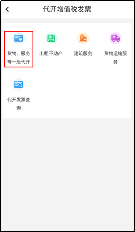 2.登录新电子税务局APP后,在【办税】—【发票使用】—【代开增值税发票】—【货物、服务等一般代开】。
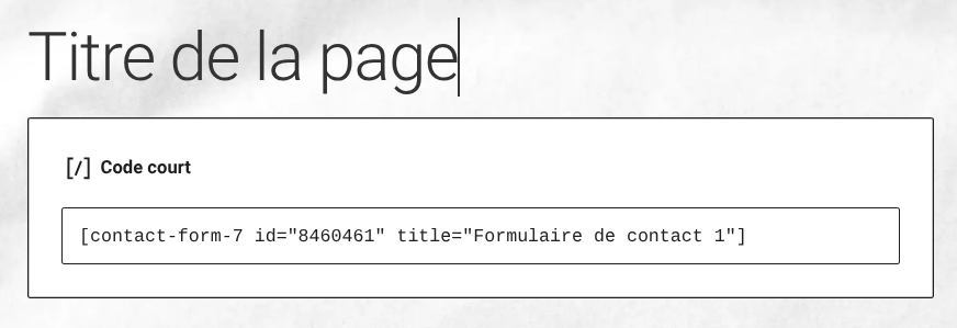 Créez une nouvelle page ou éditez une page existante, puis collez dedans le Shortcode du formulaire. Exemple :
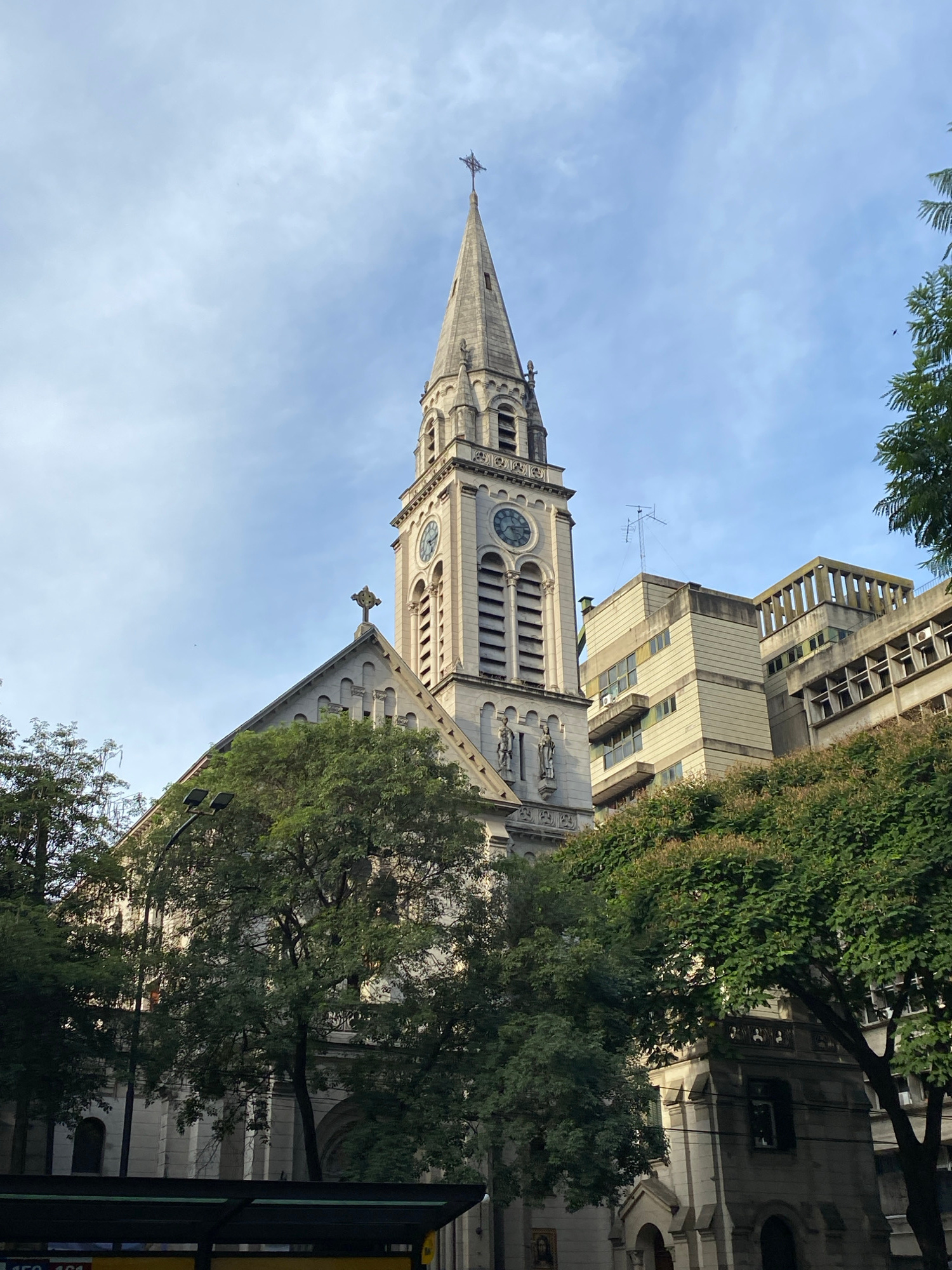 The image depicts a view of the steeple and clock tower of the Basilica del Santísimo Sacramento in Buenos Aires, Argentina, from a low angle. The architecture of the church is visible with its pointe…read more
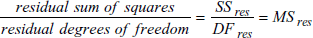 残差平均平方 (residual mean square) は、回帰直線に関する残差のばらつきの測度です。次式で与えられます:

- _WORK INSTRUCTIONS_: The listing must be returned in full and exactly, apart from its pictures.

- _EXERCISE RESPONSE_:
 2.登录新电子税务局APP后,在【办税】—【发票使用】—【代开增值税发票】—【货物、服务等一般代开】。
 Créez une nouvelle page ou éditez une page existante, puis collez dedans le Shortcode du formulaire. Exemple :
 The image depicts a view of the steeple and clock tower of the Basilica del Santísimo Sacramento in Buenos Aires, Argentina, from a low angle. The architecture of the church is visible with its pointe…read more
 残差平均平方 (residual mean square) は、回帰直線に関する残差のばらつきの測度です。次式で与えられます:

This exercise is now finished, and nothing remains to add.